Youngsters, who come fresh out of college and join an organisation, need some time to adjust to the organisational working environment. These days most of them are tech-savvy, have a very positive “can do”, easy-come-easy-go attitude and are quick in adjusting.

They may find it challenging to work for the full day initially. If it is office work, it may be difficult to spend the entire day sitting at their desk and solely concentrating on their tasks. In case of field work like a sales job, they could similarly get tired.

Keeping away from the common social media apps like Whatsapp, Facebook, chatting and so on at work could be quite challenging too. Understanding the organisational philosophy and culture, job duties and getting adjusted to the same may take some time. But fret not, because this is just a temporary phase.

Youngsters could be absorbed either directly from the top institutes through campus hiring into the management category, while others, who are hired directly from the market, are appointed at the operational level.

The Human Resources (HR) section in any company plays a crucial role. An induction plan is rolled out for new employees by the HR that would involve a couple of activities. Companies normally have a buddy system. A buddy is assigned to the newly employed on joining. The buddy introduces you to all the employees of the company, which is a part of the induction plan. In case of other concerns too the new employee can interact with the assigned buddy.

Help at hand

HR ensures that proper resources are given to the new employees and ensure that they are comfortable:

Prepares a workspace and organises essential equipment, for example a desk, telephone, computer and basic stationery, a bottle for water and so on.

Sets up the employee’s computer, passwords, telephone and email; shows the recruit how the communication systems work.

Shows the recruit basic facilities (restroom, coffee machine); provides a company handbook detailing any other information which will help the employee settle in.
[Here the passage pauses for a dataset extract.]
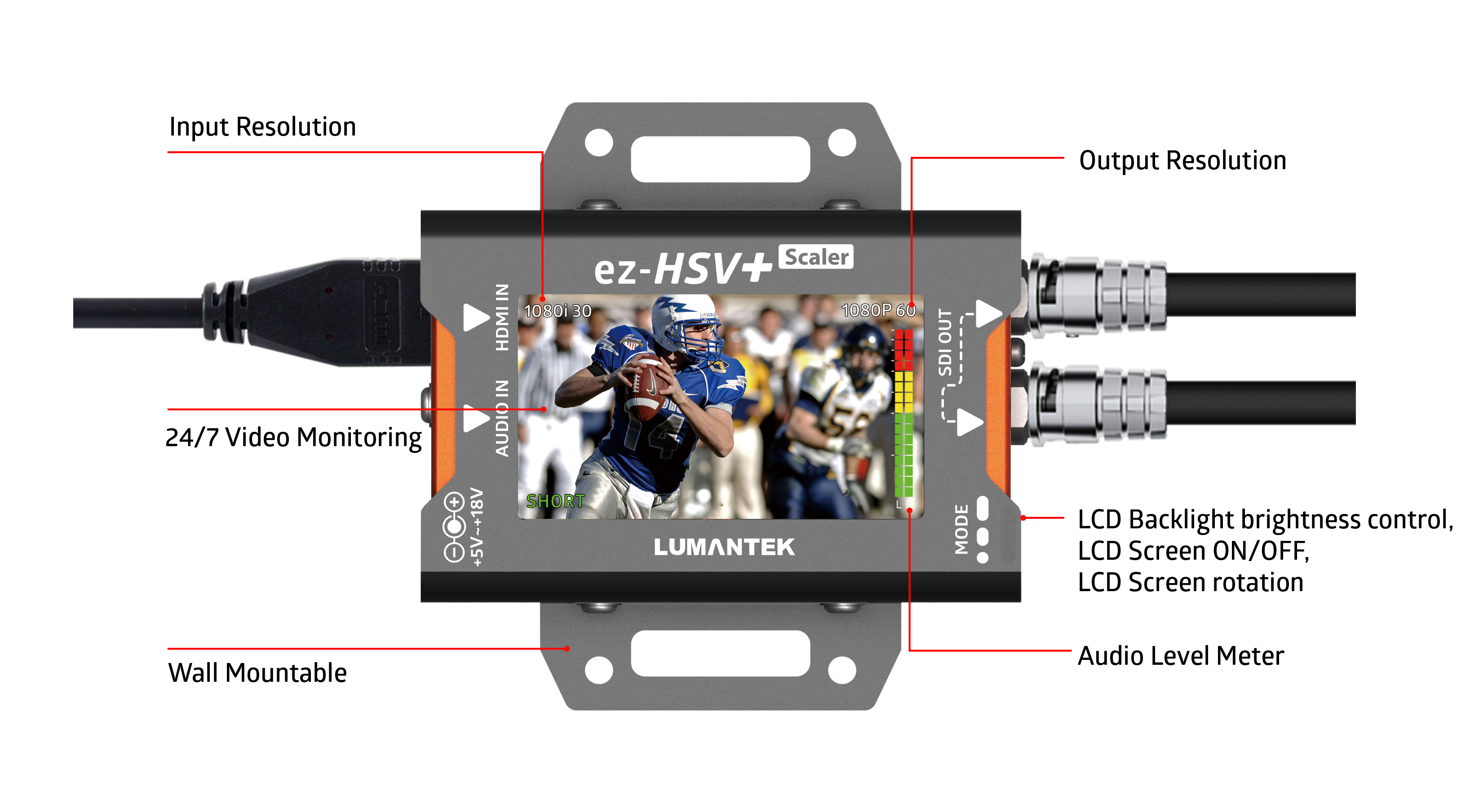 Now you can watch HDMI video with ez-HSV+. The features you can control are audio bar, incoming resolution and reduced resolution. The ez-HSV+ is also equipped with the ability to insert external audio, allowing you to plan your production schedule more conveniently.

Provides background information on the business, including products, services, key customers, business culture and philosophy and strategic objectives.
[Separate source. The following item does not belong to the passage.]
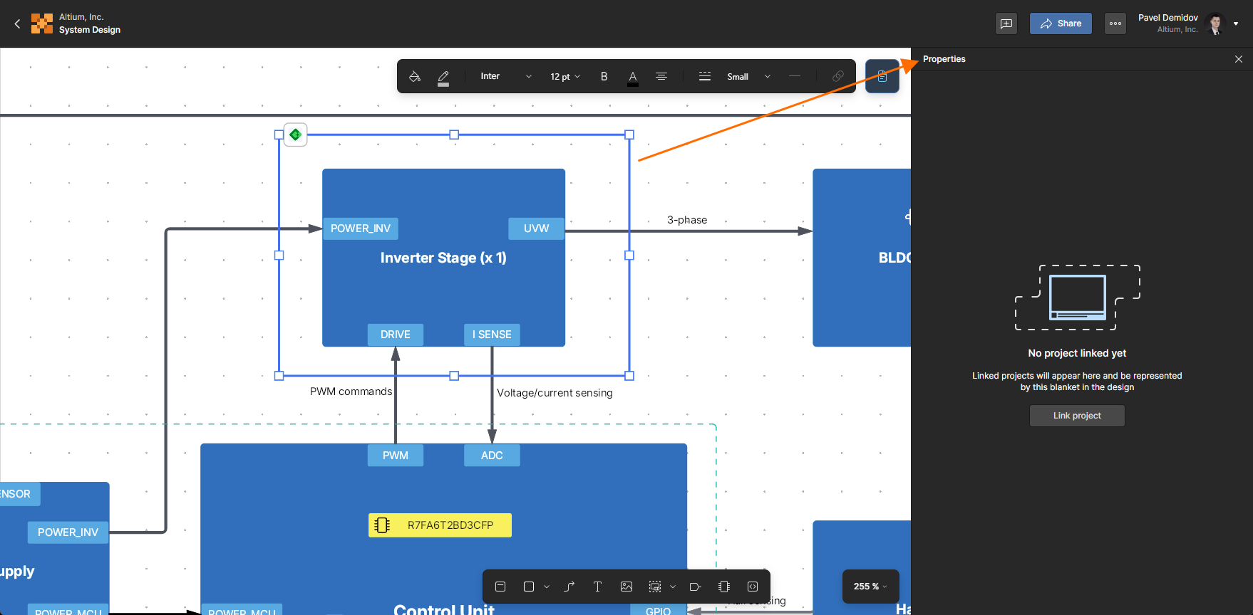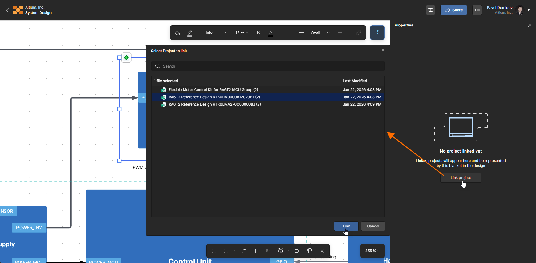 To link a hardware blanket to a PCB project or software blanket to a software project, select the blanket in the design space and click the

Provides basic personnel information regarding pay, fees structure etc

Communicates policies and procedures and make them all available.
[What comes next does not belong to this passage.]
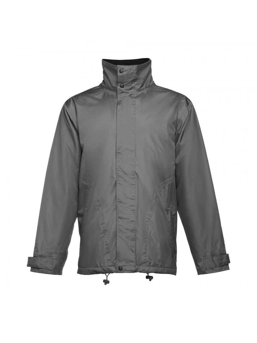 Parka (unisex) imbottito in 100% poliestere (esterno: 240g/m² 100% poliestere pongee 240 e rivestimento impermeabile in PVC, interno: 65g/m² 100% poliestere taffetà, Riempimento: 100% poliestere 80 g/m²). Girocollo foderato in pile nero (chiusura in velcro). Cappuccio pieghevole sul collo, regolabile tramite coulisse con stoppers neri. Apertura, chiusura in tinta, strappo e bottoni a pressione neri. 2 tasche esterne con pattina e 2 tasche interne (1 per cellulare) con chiusura a strappo. Polsini interni a costine 2x2 e polsini esterni regolabili con chiusura a strappo. Cuciture termosaldate. Accesso posteriore con cerniera per una facile personalizzazione. Taglie: XS, S, M, L, XL, XXL

Uses a mix of training methods; focusses on hands-on activities, or at least observation of activities, rather than just providing instruction manuals.

Involves the recruit in real work (with appropriate supervision) as soon as possible; identifies opportunities for early success.

Confirms understanding at every stage, particularly for written information.

Holds frequent informal progress reviews – perhaps on a daily basis for the first week, then weekly for a month; encourages discussion of problems.

Has a KRA (Key Result Areas) assigned to them.

Modifies plans in the light of the recruit’s progress and feedback.

Most of the companies also a have an intranet/website where all of the company’s information, rules and regulations are displayed. This is interactive; hence it is easy access for communication and information.

Rupali is the Director HR at STC Consultancy, Mumbai.